Из трубки до меня доносился чудовищный рев, истошные, хоть и однообразные, женские крики.
— Кошмар какой-то, ничего не слышно. Подождите, сейчас приглушу.
В трубке затарахтело: очевидно, Анюта бросила ее на обувной ящик. Через минуту утробный рев и взвизги утихли.
— С ума сойти можно! — запыхавшись, сказала Анюта. — Мертвецы опять гроба встают. А кто это говорит?
Я молчал.
— Это вы? — после долгой паузы тихо спросила Анюта. — Я знаю, что это вы.
Я молчал.
— Да ну тебя, не приставай, — с досадой и в то же время ласково, как балованому дитяти, сказала Анюта, обращаясь, конечно же, не ко мне. Сердце у меня засочилось едкой мелкососудистой кровью.
— С кем это ты там? — спросил я.
— Это я с кошкой, — отозвалась Анюта. — Муська ее зовут.
— Откуда у тебя кошка?
— Подобрала. Теперь их все выбрасывают, нечем кормить.
— А как у тебя с продуктами?
— Нам с Муськой хватает.
Анюта давно хотела завести кошку, но я возражал. Такие, как я, терпеть не могут домашних животных — быть может, за то, что собаки и кошки, тоже не похожие на людей, ничуть от этого не страдают. Я боролся с Анютиным пристрастием к кошкам мягко, но настойчиво — точно так же, как с ее привычкой есть рыбные консервы прямо из банки, Анюта их ела тайком от меня, но я, как и большинство монстров, отличался дьявольским обонянием и чуял, даже не приближаясь: пахло от Анюты после этого греха, как от кошки.

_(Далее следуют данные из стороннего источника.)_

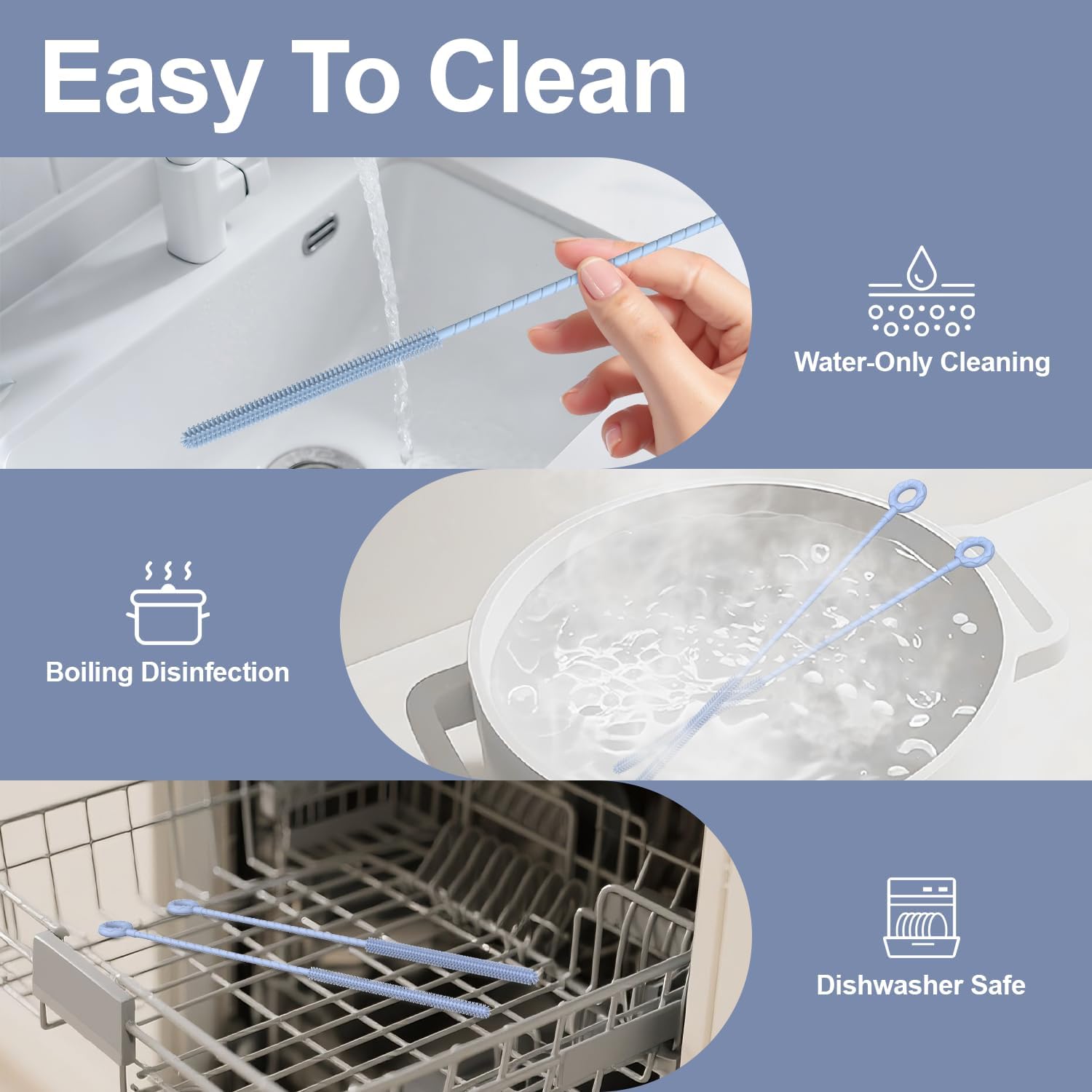 • Safe & Durable Silicone Bristles: Made from high-quality, food-grade silicone, BPA Free, our straw brush are gentle on straws (won't scratch) yet tough on buildup. The flexible Handle bend to scour every curve and corner for a thorough clean, and won't shed or break like bristle brushes.

— Так, значит, хватает, — повторил я.
— А какое сегодня число?
— Двадцать восьмое февраля, — ответила Анюта и, помедлив, добавила:
— Три месяца и десять дней.
— Что ж ты ко мне не наведаешься? — спросил я.
Анюта растерялась.
— Что это вы такое говорите, Евгений Андреевич? — с запинкой проговорила она. — Не нужно так говорить.
— А что, нельзя? — спросил я. — Володя не разрешает?
— При чем тут Володя, — тусклым голосом сказала Анюта.
— А почему не нужно так говорить? — настаивал я.
Анюта ответила не сразу.
— Так вы же умерли, Евгений Андреевич, — сказала она и заплакала.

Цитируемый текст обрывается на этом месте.